Selby le miró de arriba abajo, y buscó en el bolsillo de la
chaqueta por si tenía algunas monedas.
-No -se apresuró a decir el hombre-. No quiero una limosna. Sólo
deseo hablar con usted, señor Selby.
-¿Me conoce usted?
-Sí, de eso puede estar seguro, señor Selby. Lo he leído todo
sobre usted.
La mirada dura del fiscal se ablandó.
-Bueno, ahora mismo tengo cierta prisa. He concertado una cita.
-Esto es importante, señor Selby. ¡Dios es testigo de que lo
es! ¿No podemos ir a alguna parte, tomar un café? Sólo le llevará cinco
minutos.
-¿Por qué no me escribe una carta o viene a la oficina? Estamos
en la calle Chambers…
-Se trata de ese hombre, señor Selby, ¡el que van a ejecutar
esta noche!
El fiscal examinó los ojos del viejo. Contempló una mirada
intensa, penetrante.
-De acuerdo -concedió Selby-. Hay una cafetería cerca de aquí.
Pero que no sean más de cinco minutos, se lo ruego.
Eran casi las dos y media; la hora del almuerzo había terminado
y apenas se encontraba gente en el local. Ocuparon una mesa al fondo, y se
sentaron en silencio mientras el camarero retiraba los restos de una comida.
Por fin, el anciano se reclinó hacia adelante y dijo:
-Me llamo Arlington, Phil Arlington. He estado fuera de la
ciudad, en Florida. De no haber sido así, jamás hubiese permitido que las cosas
llegaran tan lejos. Porque en todo este tiempo ni he leído periódicos, ni
escuchado la radio o la televisión, ni nada de eso.

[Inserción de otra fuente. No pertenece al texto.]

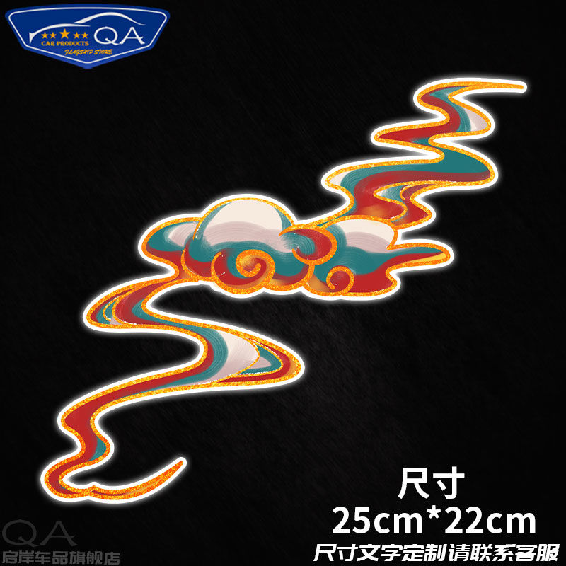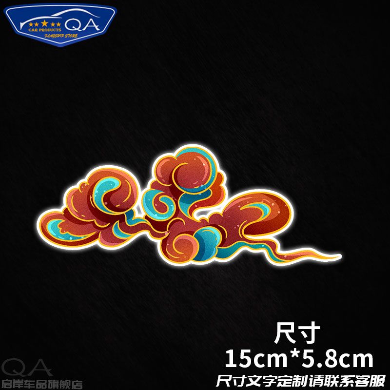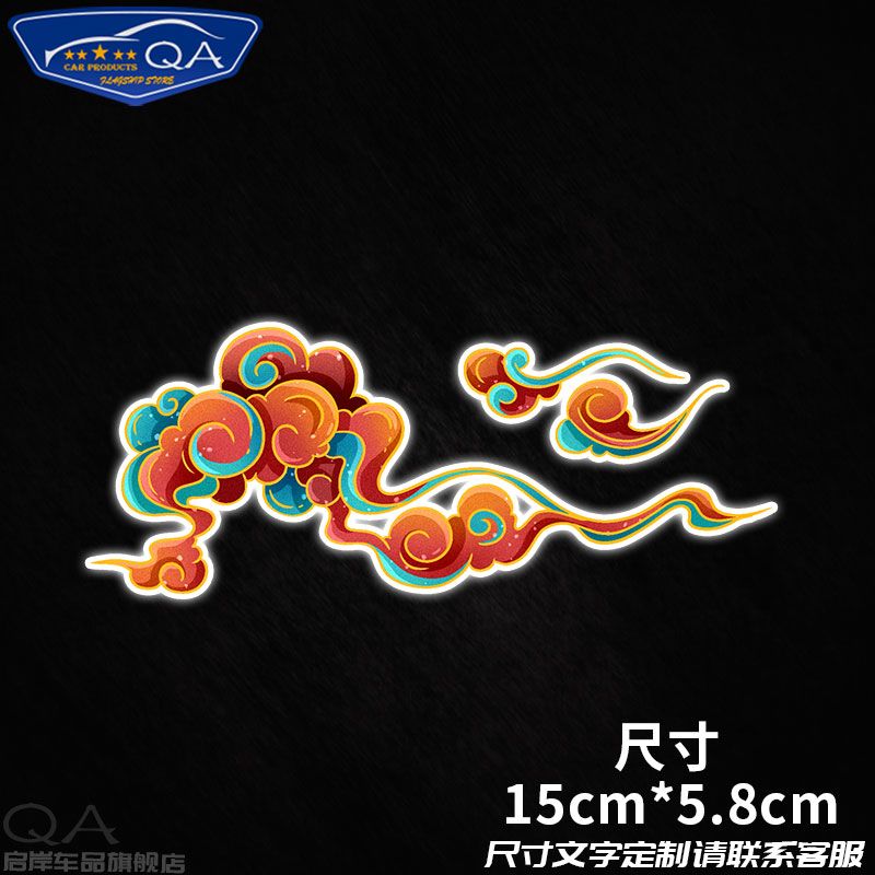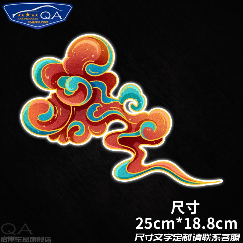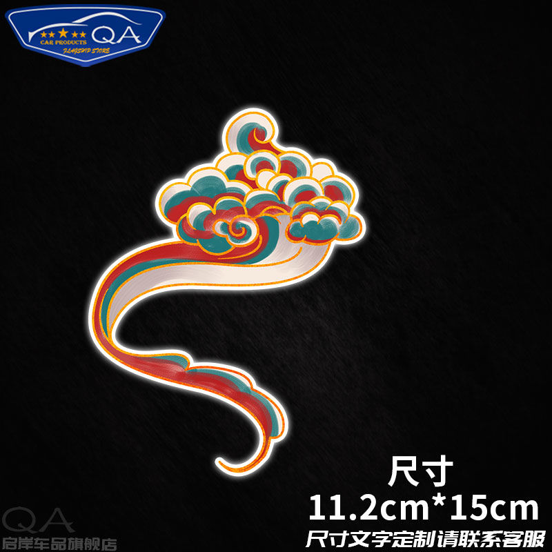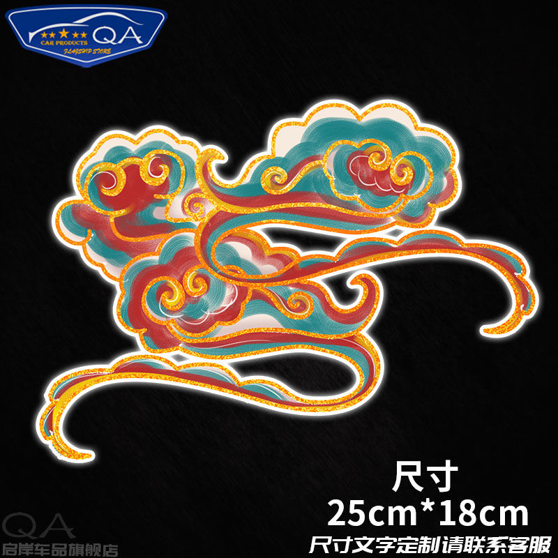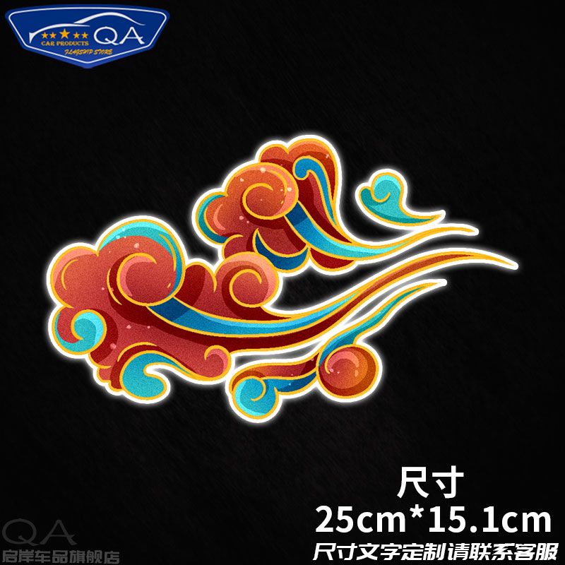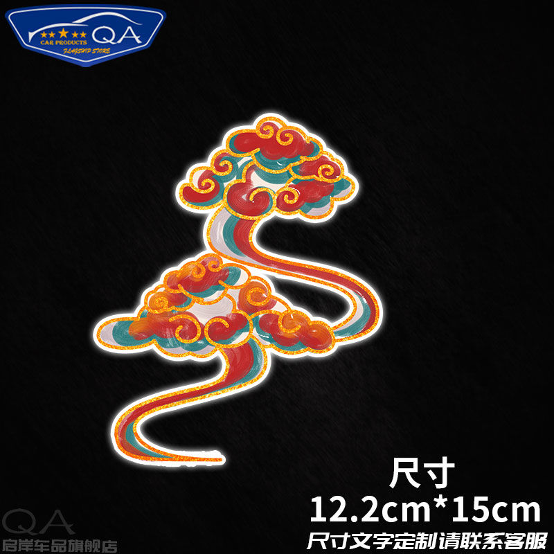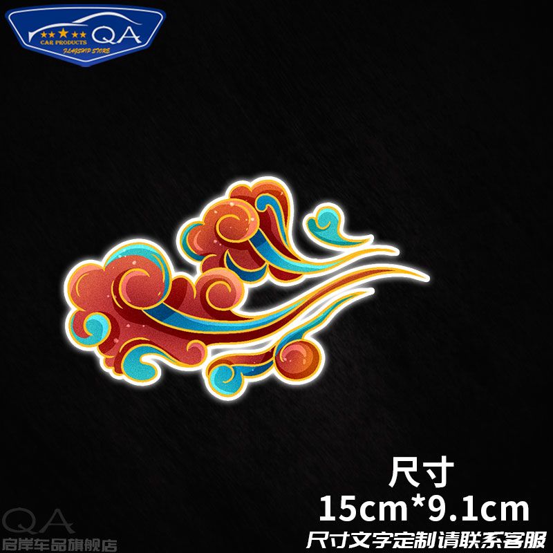 祥云金边国潮平安吉祥反光车贴笔记本电动摩托车身贴后窗玻璃贴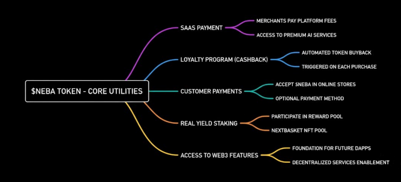 Platform; mağaza kurulumunu basitleştirirken, operasyonel süreçleri AI ajanlarıyla optimize eder. $NEBA token ise ödeme, cashback, staking ve gelir paylaşımı mekanizmalarıyla bu sistemin ekonomik merkezini oluşturur.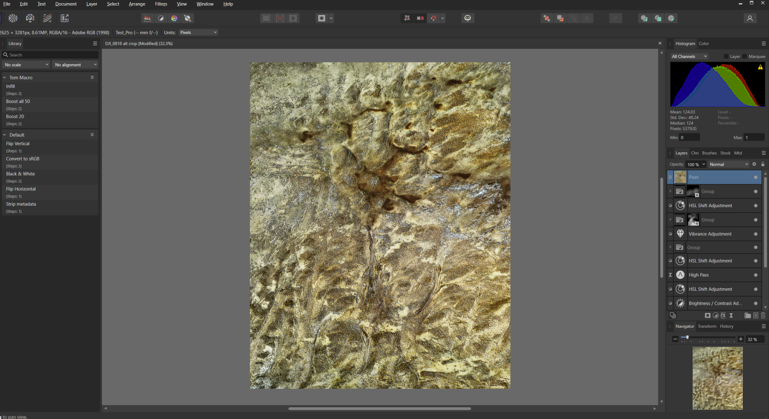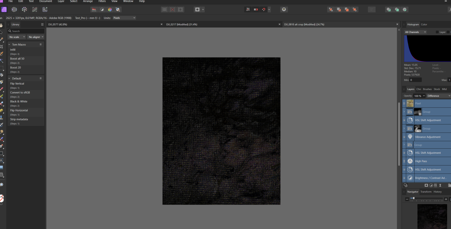 Thanks for the replies. The effect is not due to the high pass filter. I deleted this and still get the same effect. No other high pass filters. The two mask layers are simple mask with normal blend modes. in one there is a curve adjustment and a level adjustment and in the other there is an HSL adjustment. There is another mask layer lower down which has two contrast adjustments - one with a darken blend mode and the other with a lighten one. Deleting all of these groups with mask layer does not resolve the problem. In fact, it is only when I delete all of the adjustment layers that I do not see an effect. There are three pixel layers at the bottom of the stack. The first being the original, the second is a copy of the original with as far as I can remember being the application of the haze filter and the third one being a copy the second with one with a bit of burning and dodging Removing these two pixel layers and only leaving the original one still results in a similar effect when merging. Also, if I export as a Tif file before merging, the tif file looks like the merged layer. Attached is the Affinity photo file for the image. Rather baffled. Hope you can clarify. Thanks and Cheers, Tom PS my connection is very slow tonight and have not been able to upload file. Will try tomorrow.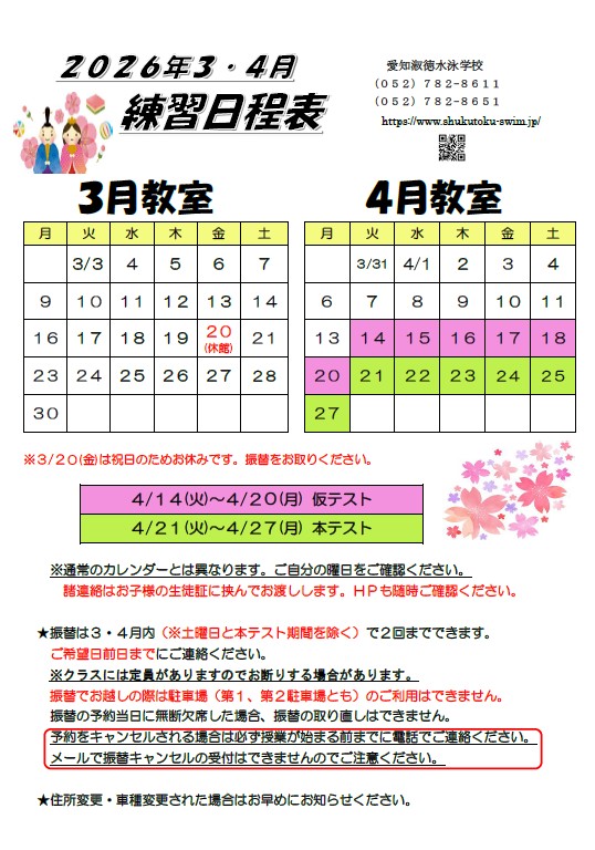 愛知淑徳水泳学校(052)782-8611へお電話ください。

-No sé a dónde quiere llegar, señor Arlington. ¿Está usted
hablando del juicio de Rosman?
-Sí, del caso Rosman. Cuando regresé a la ciudad y me enteré de
lo que había pasado, no supe qué hacer. Lo entiende, ¿verdad? Me dolió. Me
hirió mucho leer lo que le iba a suceder a ese pobre hombre. Pero tenía miedo.
Entiéndame. ¡Sentí mucho miedo!
-¿Miedo de qué?
El hombre hablaba para el cuello de su camisa.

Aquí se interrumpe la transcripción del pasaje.